On 22 Feb 2017, at 17.07, KT Walrus kevin@my.walr.us wrote:
I have seen proposals for a new client protocol called JMAP that seem to be all about running a mail server at scale like an NGINX https web server can scale. That got me thinking about wether there is anything fundamental about IMAP that causes it to be difficult to scale. After looking into Dovecot’s current IMAP implementation, I think the approach was taken that fundamentally would have scaling issues (as in, one backend process per IMAP session). I see a couple years ago, work was done to “migrate” idling IMAP sessions to a single process that “remembers” the state of the IMAP session and can restore it back to a backend process when the idling is done.
But, the only estimate that I have read about the “migrate idling” is that you are likely to see only a 20% reduction of the number of concurrent processes you need if you are running at 50,000 IMAP sessions per mail server. 20% reduction is not nearly enough of a benefit for scale. I would need to see at least an order of magnitude improvement to scale (and hopefully, several orders of magnitude).
My long-term plans are something like this:
imap-hibernate process can be used more aggressively. Not necessarily even for just IDLEing sessions, but for any session that isn't actively being used. And actually if the server is too busy, even active sessions could be hibernated. That would be somewhat similar to cooperative multitasking. When this is done, you can think of the current imap processes as the worker processes.
More state will be transferred to imap-hibernate process, so it can perform simpler commands without recreating the IMAP process. For example STATUS replies can be returned from cached state as long as it hasn't actually changed.
imap-hibernate is currently tracking changed state via inotify (etc.) This mostly work, but it's also unnecessarily sometimes waking up. For example just because one IMAP session performed a FETCH that added something to dovecot.index.cache, it doesn't mean that there are any real changes. We'll need some mail plugin that notifies imap-hibernate process when some real change has happened.
Hibernated sessions can even be moved away entirely from backends into IMAP proxies. The IMAP proxy can then reconnect to backend to re-establish the session. This allows even switching backends entirely, as long as the storage is shared. This requires that backends notify the proxy whenever something changes to the user, which is mostly a continuation of the previous item (just TCP notification instead of UNIX socket notification).
IMAP proxies can also perform similar limited functionality as imap-hibernate processes. Possibly running the same imap-hibernate processes.

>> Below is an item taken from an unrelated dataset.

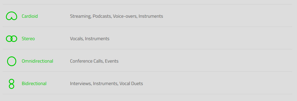 • Polar patterns: Cardioid, stereo, omnidirectional, bidirectional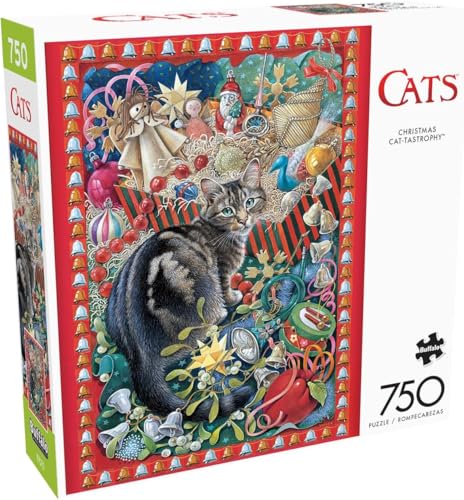 Buffalo Games – jul- kattsmakrofi – 750 bitar pussel för vuxna utmanande pussel perfekt för spelkvällar – 750 bitars färdig storlek är 24,00 x 18,00, stor

And kind of a reverse of hibernation: imap processes can also preserve the user's imap session and opened folder indexes in memory even after the IMAP client has disconnected. If the same user connects back, the imap process can quickly be re-used with all the state already open. This is especially useful for client that create many short-lived connections, such as webmails.
So after all these changes there would practically be something like 1000 imap processes constantly open and either doing work or waiting for a recently disconnected IMAP client to come back.
As Christian already mentioned, the Dovecot proxies are supposed to be able to handle quite a lot of connections. I wouldn't be surprised if you can already do millions of connections with them. Most of our customers haven't tried scaling them very hard because they don't really want to create multiple IP addresses for servers, which is required to avoid running out of TCP ports (or I guess there could be multiple destination ports, but that also complicates things and Dovecot doesn't currently support that in an easy way either).
Is there anything about the IMAP protocol that would prevent an implementation from scaling to 10 Million users per server? Or, do we need to push for a new protocol like JMAP that has been designed to scale better (by being stateless with the server requests)?
I guess mainly the message sequence numbers in IMAP protocol makes this more difficult, but it's not an impossible problem to solve.